Court Asked to Bar Probing of Sex History in Job Harassment Cases

May 07, 1987|PHILIP HAGER | Times Staff Writer

SAN FRANCISCO — The state Supreme Court was urged Wednesday to invoke the right to privacy and prohibit psychological examinations that go into the sex lives of alleged victims of sexual harassment on the job.

The lawyer for an Oakland woman who claimed she suffered "severe emotional distress" from the sexual demands of a college employment official told the justices that women would be discouraged from bringing discrimination suits if their sexual histories might be subject to inquiry and could be revealed in court proceedings.

San Francisco attorney Patricia A. Shiu said psychological exams in such cases should be barred, or at least severely limited. "There is an important state interest at stake here--eradicating sexual harassment in the workplace," she said. However, the lawyer for the Peralta Community College District and other defendants in the case argued that they should be able to have the plaintiff examined before trial so they could make their own evaluation of her claims on how the alleged incident affects her mental state.
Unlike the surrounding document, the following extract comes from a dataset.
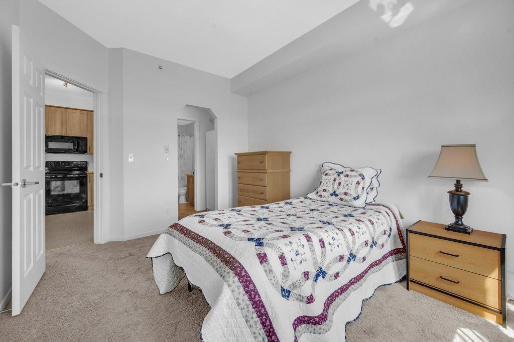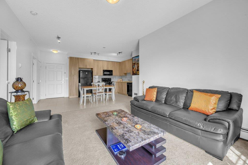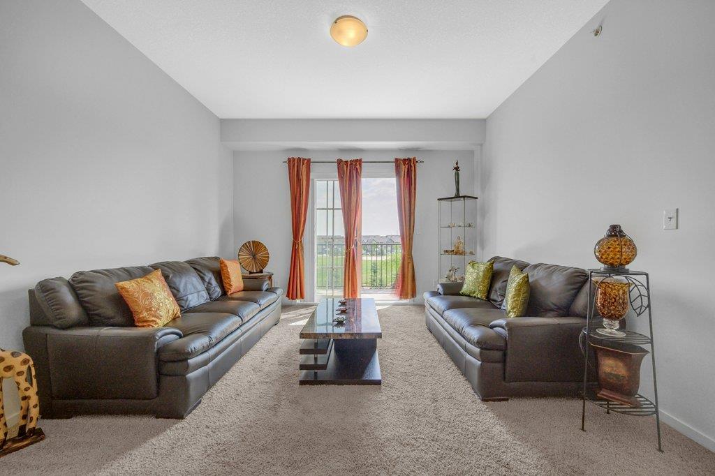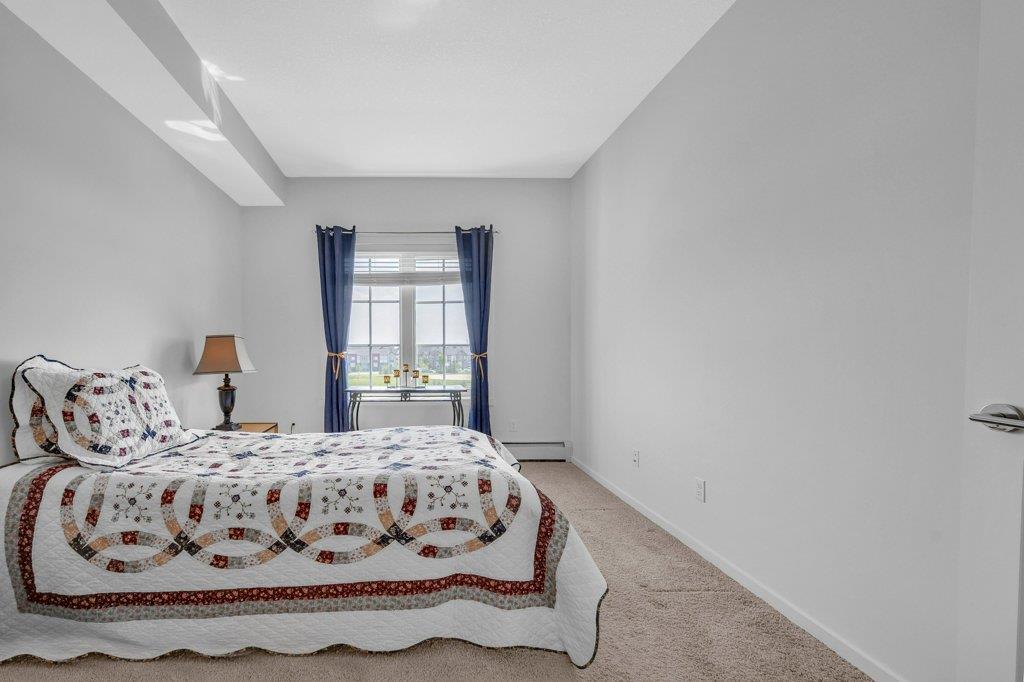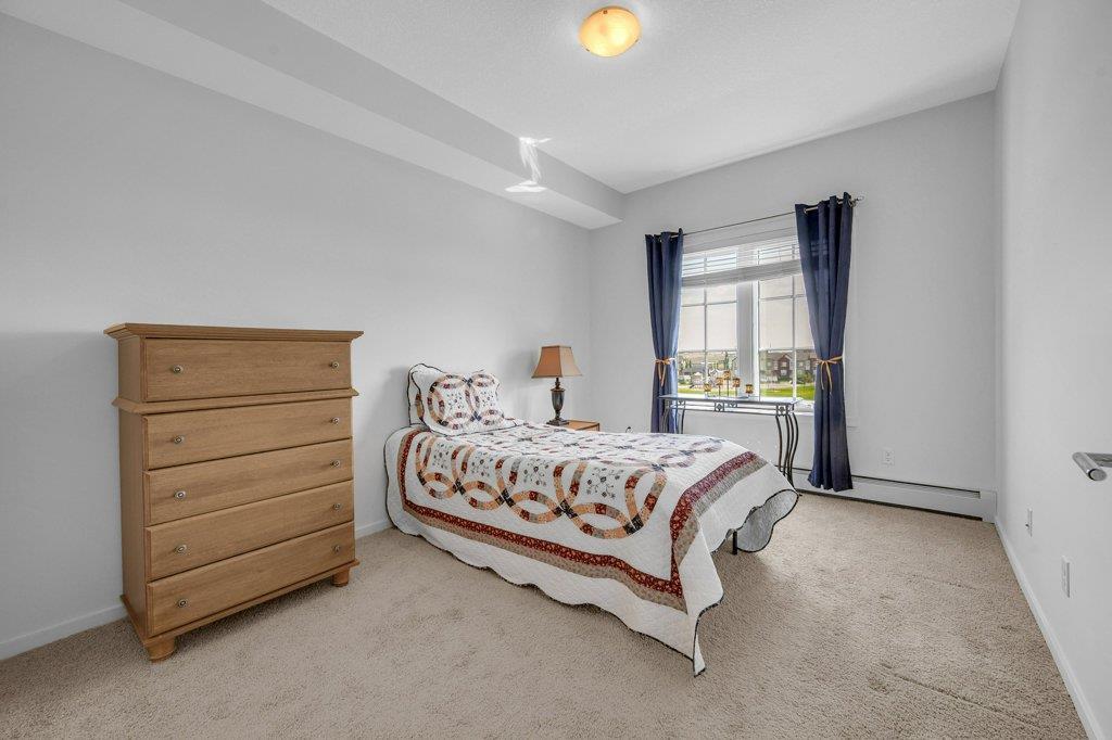 Welcome Home to Copperfield Park III, an incredible opportunity to own this meticulously maintained, like-new TOP floor condo unit with unobstructed park views! As you enter, you are greeted by the spacious foyer with immaculate tile and carpet flooring throughout the entire unit. The bright and spacious kitchen boasts modern extended height cabinets, black appliances, granite countertops and a white mosaic backsplash. This expansive floorpans also allows plenty of space for a dining table, with a large living room perfectly laid out for visiting with friends and family. Large patio doors open up to the sunny east facing balcony which is ideal for enjoying a morning coffee, offering expansive green space views. On one side of the unit resides a large bedroom, 4-piece bathroom and laundry closet. With the primary bedroom ideally located opposite side and complete with a walk-through closet and 4-piece ensuite. Additionally features is an underground, titled parking stall and a separate storage locker. Ideally located close to plenty of amenities, public transit, schools, playgrounds and walking paths, this unit is the perfect fit a first time home buyer, down sizer or investor! (id:22211)

"Our ability to prepare a defense would be unfairly hampered without it," said Eugene Brown Jr., an Oakland attorney.

The case argued before the justices may provide one of the first indications of how a more conservative court, now led by Chief Justice Malcolm M. Lucas, will treat attempts to expand the constitutional right to privacy--a right that was generally given broad interpretation when the court was dominated by liberals under former Chief Justice Rose Elizabeth Bird.

The justices' decision also could affect the application of a state statute that went into effect last year requiring that a defendant in a sexual harassment case show "good cause" before a plaintiff can be ordered to submit to a psychological exam.

The Legislature in 1980 barred courts from ordering such exams for sexual assault victims in criminal cases.

In the case before the court, Katherine Vinson, a 60-year-old widow, brought a sex harassment and job discrimination suit in 1982, seeking punitive damages for emotional distress, loss of sleep, anxiety, mental anguish and loss of reputation as the result of an encounter with a district official in 1979.

Vinson alleged that when she met with Ronald A. Grant, seeking a post in a Comprehensive Education and Training Act program that he directed for the district, she was told by Grant that he wanted to have sexual relations and that she would not get the job unless she complied. Grant has denied the allegations.

Court Order Sought

In pretrial proceedings in Alameda Superior Court, lawyers for the district and Grant sought a court order requiring that Vinson submit to a psychological exam on her claims of mental distress. Her lawyers, fearing the inquiry would inevitably go into her sexual history and attitudes, objected. But the court granted the defendant's request and the decision was later upheld by the state Court of Appeal.

Vinson's subsequent petition to the state Supreme Court was supported by civil liberty and women's legal groups, which urged the justices to either bar or strictly limit psychological questioning of plaintiffs in sex harassment cases.

In Wednesday's hearing, several of the justices closely questioned Shiu on how they could forbid a psychological exam for Vinson when she herself had raised the question of her mental state in her lawsuit.

Exam Not Sought

The attorney replied that Vinson had not sought a mental exam or mental care for herself and did not intend to present psychiatric experts at trial--and that such testimony was not necessary for the jury to weigh her claim of emotional distress and mental anguish.

"But," persisted Justice Allen E. Broussard, "if you were representing the defendants, wouldn't you want to have some expert testimony on whether or not her symptoms were attributable to the incident at issue?"

Shiu conceded that the defense might welcome such assistance but stood by her contention that any value of such testimony was outweighed by Vinson's right to privacy.